The early symptoms of pneumococcal disease can be non-specific and difficult to distinguish from common infections of childhood.
As the pneumococcal disease progresses, it may localise to specific organ systems and manifest symptoms which bring the diagnosis to attention.
These include pneumonia (infection in the lungs), meningitis (infection of the outer coverings of the brain), middle ear infections or even bacteraemia (infection that has spread into the bloodstream).
The gold standard of diagnosis is still by bacterial cultures which usually take at least 48 to 72 hours for confirmation.
Pneumonia
Patients can present with fever, cough, progressing to breathlessness and chest pain and other constitutional symptoms such as lethargy and poor appetite.
Otitis Media
Patients can present with ear pain, discharge or just fever. Younger children can present with tugging at the ear or irritability.
Meningitis
Most of the symptoms and signs are similar for both the bacterial and the viral meningitis, and there is no one symptom or sign that are specifically indicate one or the other. The common clinical symptoms that may indicate meningitis are fever associated with seizures, impairment of consciousness, irritability, lethargy, nausea and/or vomiting.

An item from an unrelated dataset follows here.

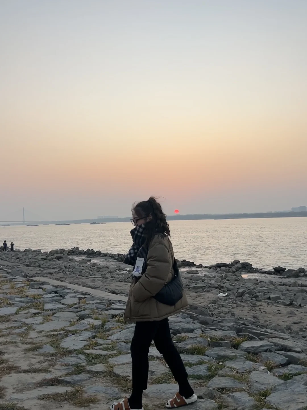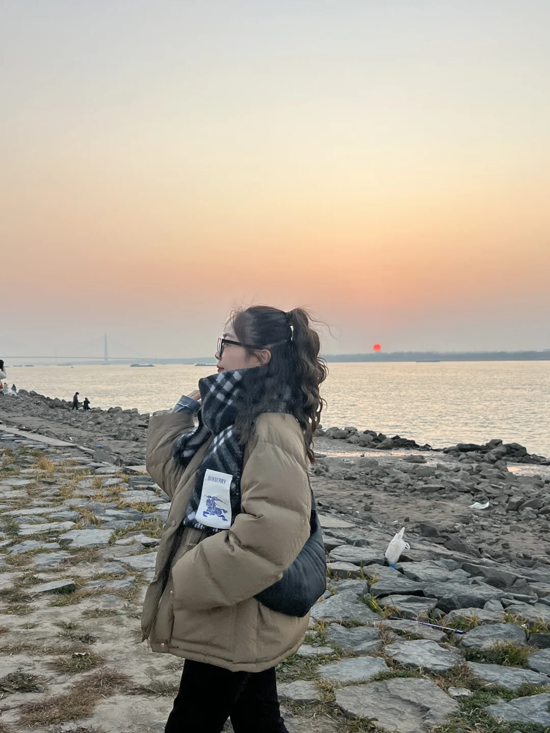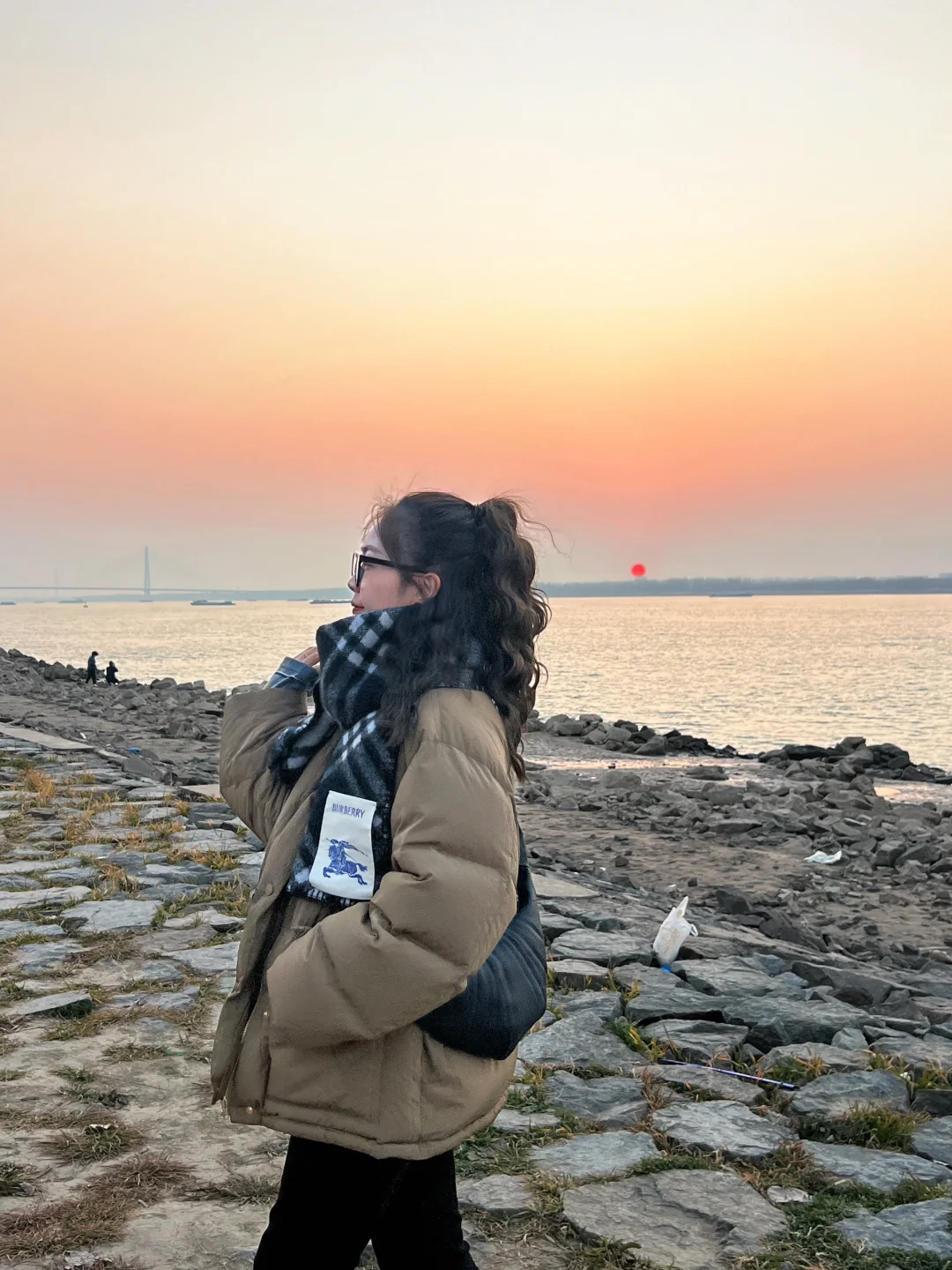 因为!!我们大南京!实在是太太太太太美了!每个季节都美到如诗如画 别有洞天!!快过年啦!问我南京旅游和吃喝攻略的宝宝们越来越多啦!!改天给你们出个大大的游玩list! 期待大家都来玩!🥰 周末穿了今年冬天蕞喜欢的ootd、背了新入的牛角包🥐和家属来江心洲看日落,穿着毛拖鞋追着夕阳跑了一路😂,实在太美太震撼了,这就是我们南京的济州岛啊!!(精挑细选了很久的牛角包 终于到手了 咱就是说它也太百搭太松弛太时髦了) 话不多说!一起期待新年叭!!! 🎈🌹🔵❄️🌅🌉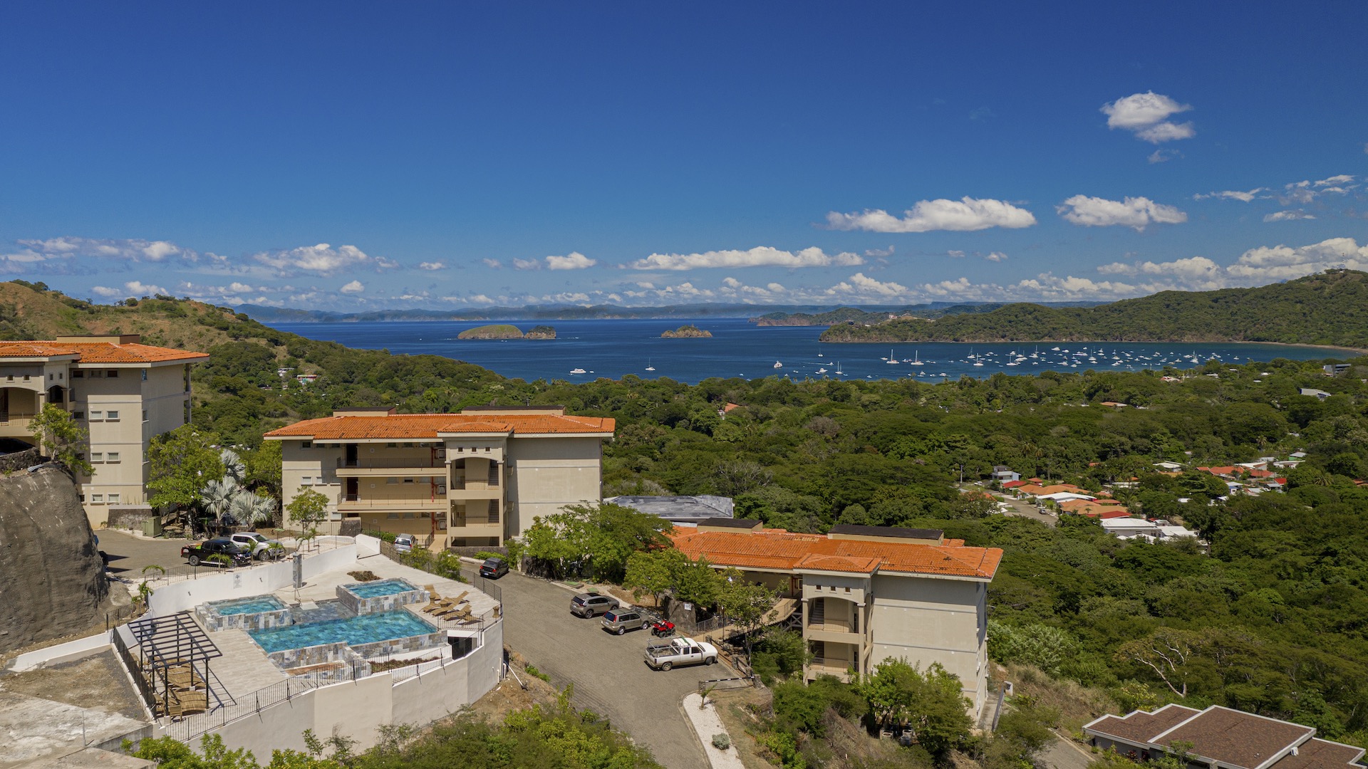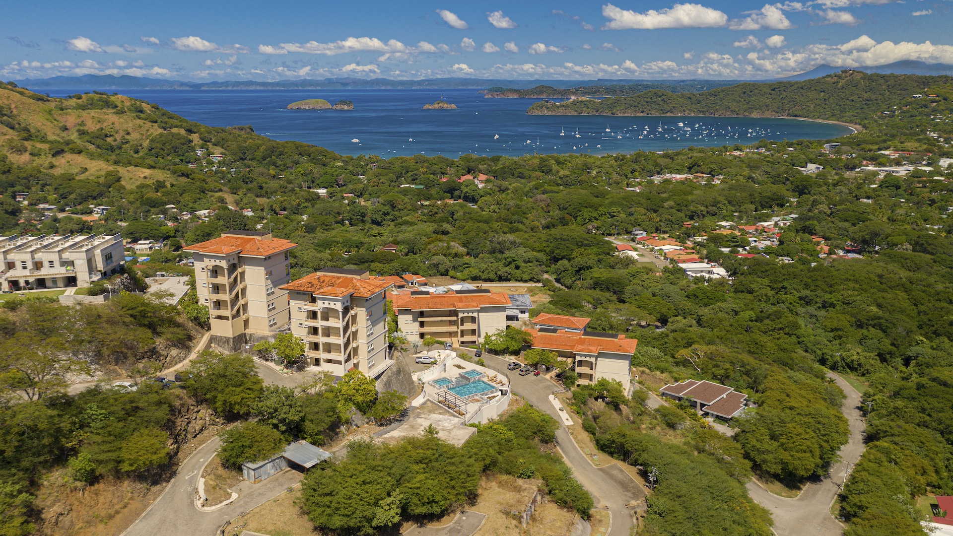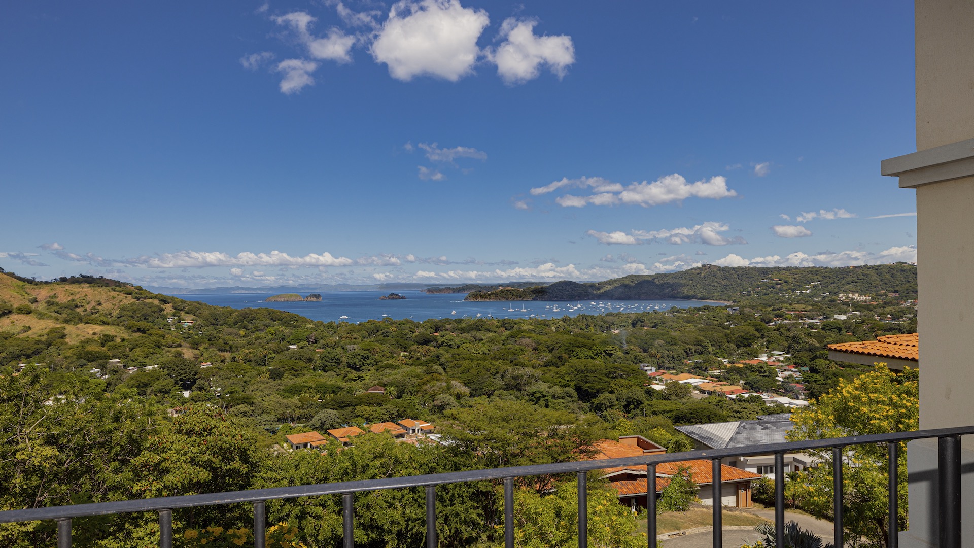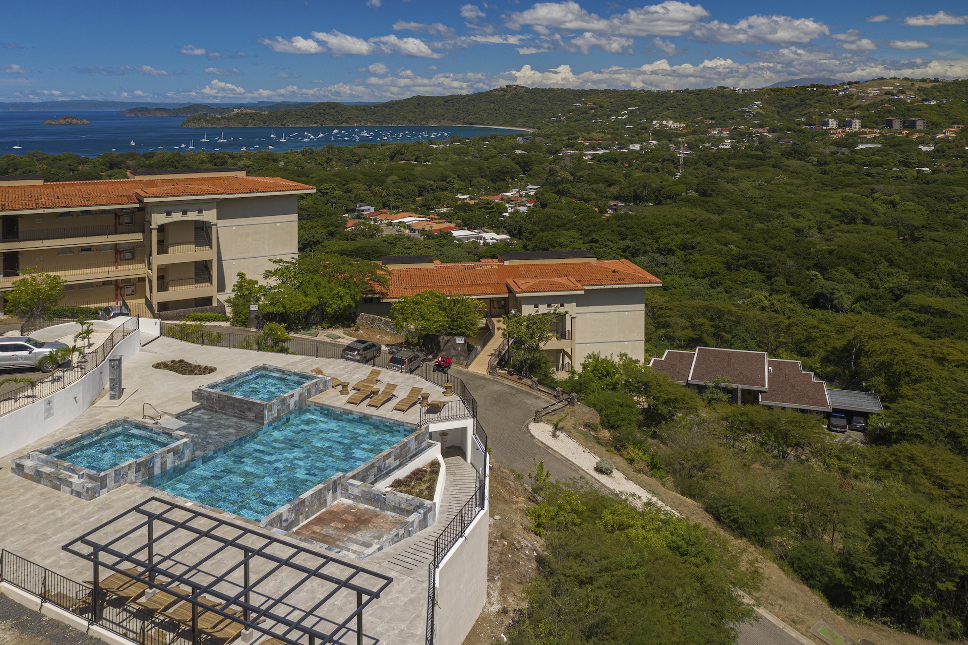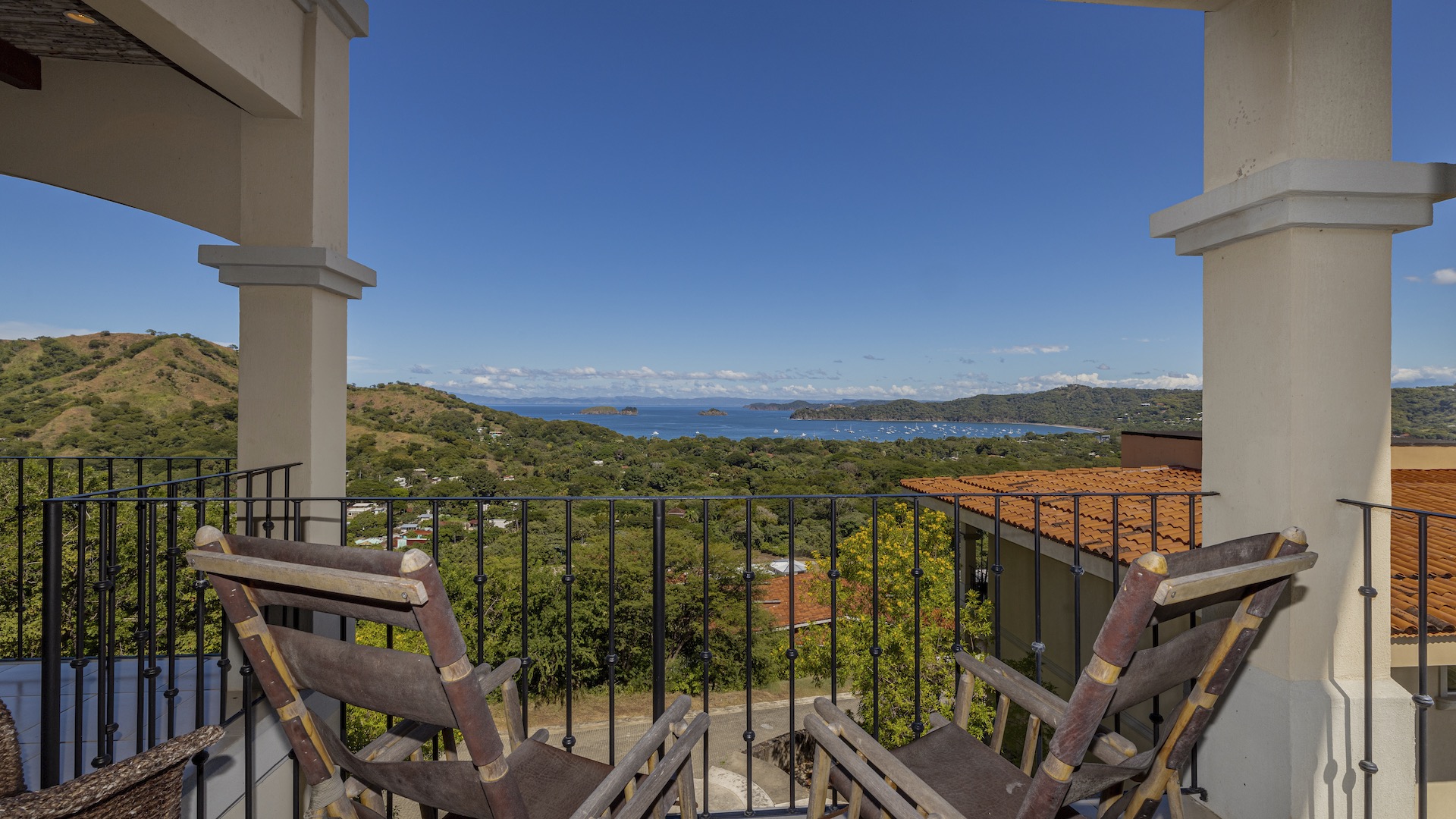 Experience elevated coastal living in this luxurious 1,575 sq. ft. 2-bedroom, 2.5-bathroom ocean-view condo, perfectly positioned on the third floor of the prestigious Segovia Condominiums. Offering breathtaking, unobstructed views of Playas del Coco and the Papagayo Peninsula from every room, this residence welcomes you into a spacious great room that seamlessly blends the compact yet well-appointed kitchen, dedicated dining area, and expansive living room, all opening onto a large covered terrace—the ideal spot to enjoy morning coffee, serene sunsets, or the peaceful rhythm of the coastline. Thoughtful design continues throughout, with a half bath and roomy laundry area off the entry hall, custom hardwood cabinetry, double-paned windows, granite countertops, stainless steel appliances, and sleek porcelain tile flooring. The two bedrooms are privately set on opposite sides of the living area, and each bedroom features its own private ocean-view terrace. The generous primary suite further includes oversized closets, dual vanities, a jacuzzi tub, and separate shower and commode, while the secondary bedroom also offers its own ensuite with a large shower and private commode. Residents enjoy central A/C, abundant storage, a large community ocean-view pool and jacuzzi, and ample off-street parking. As part of Coco Bay Estates, owners have access to a full suite of amenities including the exclusive Club at Coco Bay with a restaurant, fitness center, pickleball and tennis courts, paved roads, and 24/7 security. Located just minutes from the beach, town center, shopping, dining, entertainment, and watersports—and only 30 minutes from Liberia International Airport—this exceptional condo offers the perfect blend of luxury, convenience, and coastal tranquility.

The important signs indicating meningitis includes neck stiffness (pain or resistance to someone flexing the child's neck) and increased sensitivity to light (photophobia), usually in the presence of drowsiness or irritability.
For young infants where the anterior fontanelle (the soft spot on the top of the head) has not closed, this could be under increased pressure and bulging out of the scalp (bulging fontanelle). Signs of bleeding under the skin (purpuric rash) together with other symptoms or signs indicating involvement of the brain may also suggest bacterial meningitis.
Bacterial meningitis is the most serious and potentially fatal disease caused by the pneumococcal bacteria.
Any form of bacterial meningitis is serious, and death can occur due to septicemic (blood poisoning) shock from the bacterial invasion of the blood stream. Death can also occur due to severe brain swelling that result in compression/pressure on the vital centres in the brainstem. Mortality from bacterial meningitis is approximately 5% - 20% depending on the virulence of micro-organism involved.